= Time-dependent Ginzburg–Landau theory =

Equations in quantum field theory

The time-dependent Ginzburg-Landau (TDGL) equations give the evolution in time of the steady-state equations of the Ginzburg-Landau theory (GL). Although phenomenological, these equations can be very useful in making qualitative predictions about the time evolution of superconductors, particularly in the mixed state where Abrikosov vortices or Pearl vortices may appear.

Because of the phenomenological nature of GL theory, there are a number of different ways to expand its time dependence including different corrections and approximations. For example, in their seminal paper using TDGL to describe the time scale of fluctuations in one-dimensional superconducting wires, McCumber and Halperin adopt the following form (note units are CGS):

$\tau(T) \left(\frac{\partial}{\partial t} + i \frac{2eV}{\hbar}\right) \psi = \left(1 - |\psi|^2\right)\psi + \xi(T)\left(\frac{\partial}{\partial x} - i \frac{2e}{\hbar c} A_x\right)^2\psi$

With $\psi$ the order parameter describing the degree of superconducting order; $\tau$ the temperature-dependent GL relaxation time of the order parameter; $V$ the electrochemical potential; $A_x$ the magnetic vector potential; and $\xi$ the superconducting coherence length. However, other forms exist. Sometimes the electrochemical potential is dropped for convenience, even though it increases the quantitative accuracy of the TDGL equations, and sometimes other correction terms are added.

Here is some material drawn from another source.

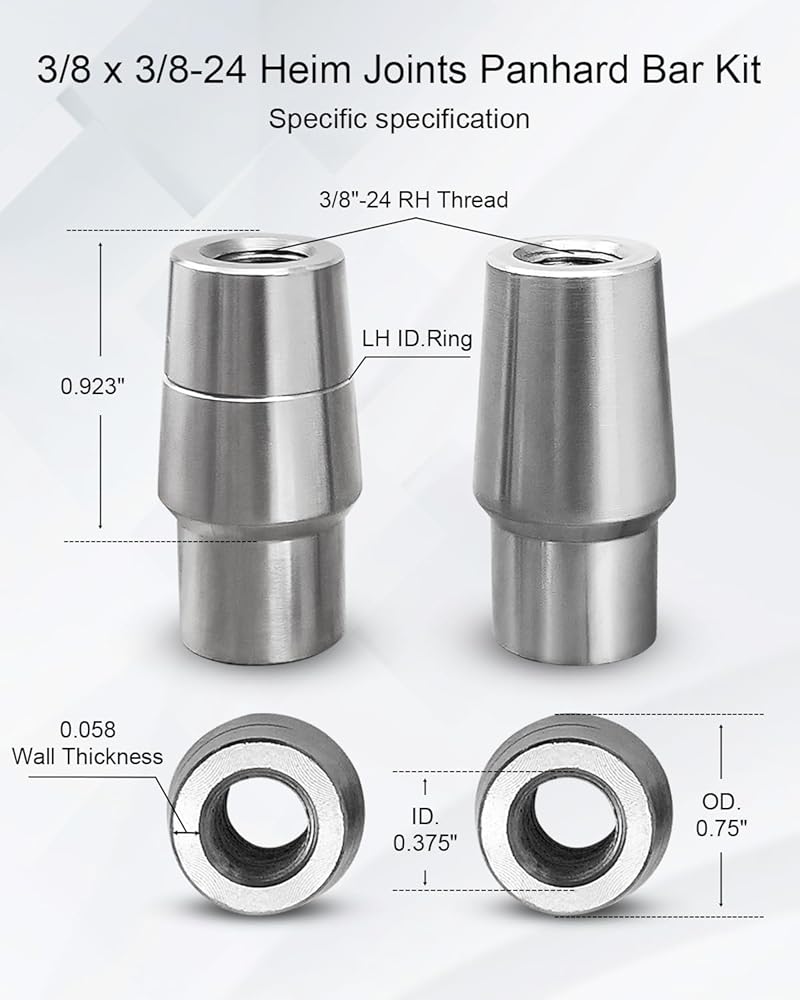 2 Set 3/8 x 3/8-24 Heim Joints Rod End Kit,.058 Heim Joint Panhard Bar Kit LH + RH,Economy Bungs Rod End Heim Joint Kit with Tube Adapters and Jam Nuts

The conditions for the validity of the theory are much more stringent than those of the static GL theory. As in the static case, the system must be close to the critical temperature. In addition, deviations from equilibrium must remain small and this requirement is typically only satisfied in gapless superconductors, where magnetic impurities suppress the gap in the quasiparticle spectrum.